= Travellers' Lane =

Tourist site in Port Louis, Mauritius

Travellers' Lane is a site located in the Jardin des Compagnies, an ancient French colonial garden, in Port Louis, Mauritius.

== History ==

It was created in 2010, during the Bicentenary Celebrations of the Battle of Grand Port; the only naval battle won by Napoleon. Port Louis took part in those celebrations. This part of the garden, adjoining the Majestic movie theatre, was to host a planisphere in honour of Al Idrissi, a famous cartographer of Roger II of Sicily and the only one known in the world.

Poet, travel-writer and semiologist Khal Torabully, a native of the capital, was requested to devise a permanent event in this corner of Jardin des Compagnies.
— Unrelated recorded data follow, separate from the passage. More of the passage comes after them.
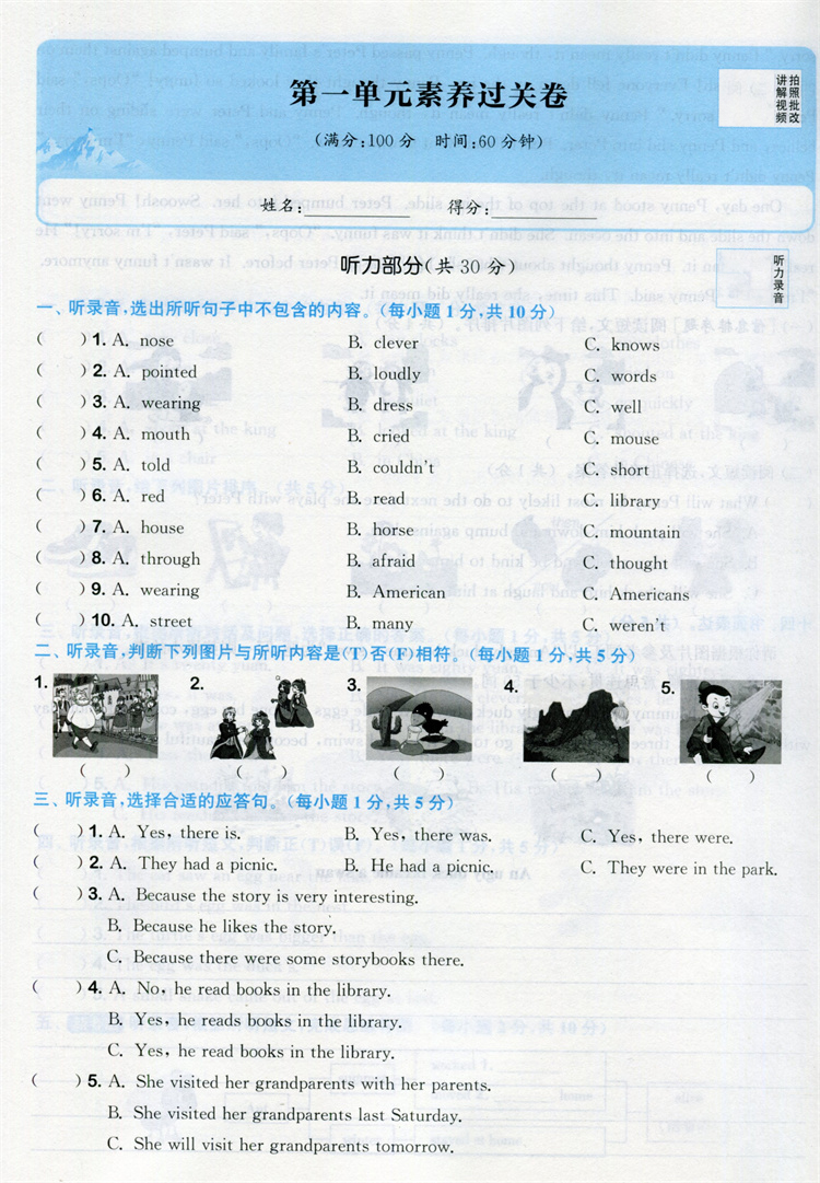 2025秋 非常大试卷 英语 六年级上册 译林版 小学教辅 测试卷 同步训练 6上 含答案讲解视频 通成学典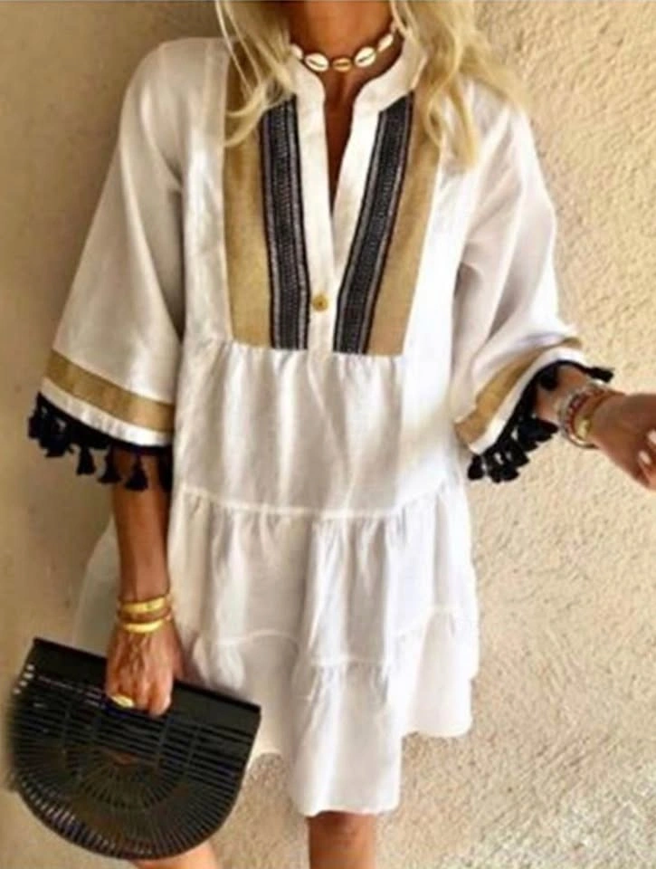 A lovely A-line mini dress perfect for your next vacation. It's a comfortable and stylish choice for warm weather. Feel free to message if you have any questions!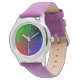 Eine farbenfrohe Armbanduhr mit farbenfrohen Gesichtern und Ziffern, die mit Lila Gurten kombiniert werden, und Sie haben ein tolles Geschenk für junge Mädchen. Passen Sie die Farbe des Gurtes für Jungen an.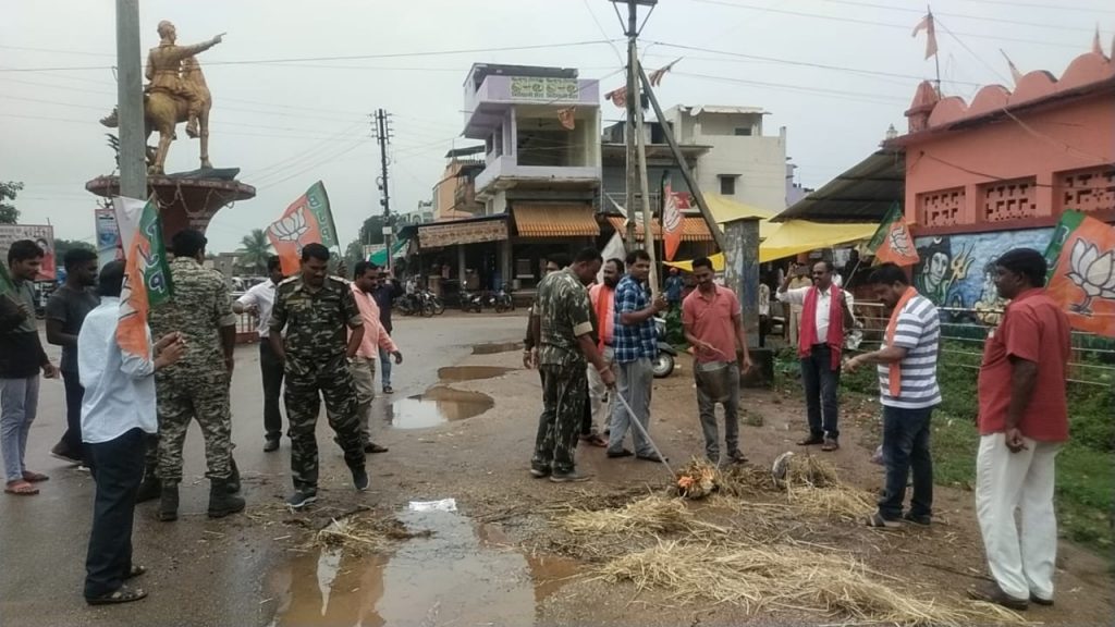 भाजपा युवा मोर्चा एवं भारतीय जनता पार्टी के पखांजूर मंडल द्वारा स्वास्थ्य कर्मचारियों को बर्खास्त करने के विरोध में पुराना बाजार नेताजी चौक पर मुख्यमंत्री भूपेश बघेल का पुतला जलाया।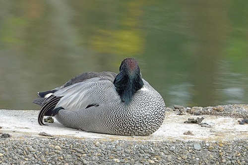 さざ波の中でも寝たまま。三列風切りが伸びている。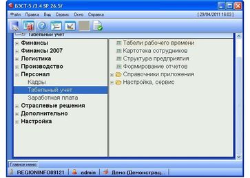 Приложение предназначено для ведения табельного учета на предприятии. Учет организован на основе табелей рабочего времени, составляемых ежемесячно по каждому подразделению и для каждого работавшего в нем сотрудника. Табель ведется подневно. Первоначально табель заполняется плановыми значениями на основе плановых графиков рабочего времени. Кроме того, в табеле автоматически учитываются все кадровые приказы, связанные с движением сотрудников, отпуском, командировкой или листом нетрудоспособности. Плановые данные в табеле могут быть изменены вручную. По окончанию периода табели закрываются, а суммированные данные передаются в подсистему учета заработной платы. Данные прошедших периодов могут быть изменены в текущем периоде с помощью специальных сторно-табелей. Основные функции:

Weeks later, he aligned quotations of travelers such as Ibn Masudi, Marco Polo, Ibn Khodadbeh, Ahmad bin Majid, Joao de Barros and Camoens. More than 20 testimonies were displayed on plaques, along two alleys and a fountain with an original dolphin sculpture, made by Bungshee, who was also commissioned to make the Al Idrissi planisphere.

A stamp celebrating Al Idrissi's contributions was released by the Mauritian Post Office. Travellers' Lane was unveiled during an official ceremony with Navin Ramgoolam, the former Prime Minister, and Mrs. Ameenah Gurib-Fakim, the present Mauritian President.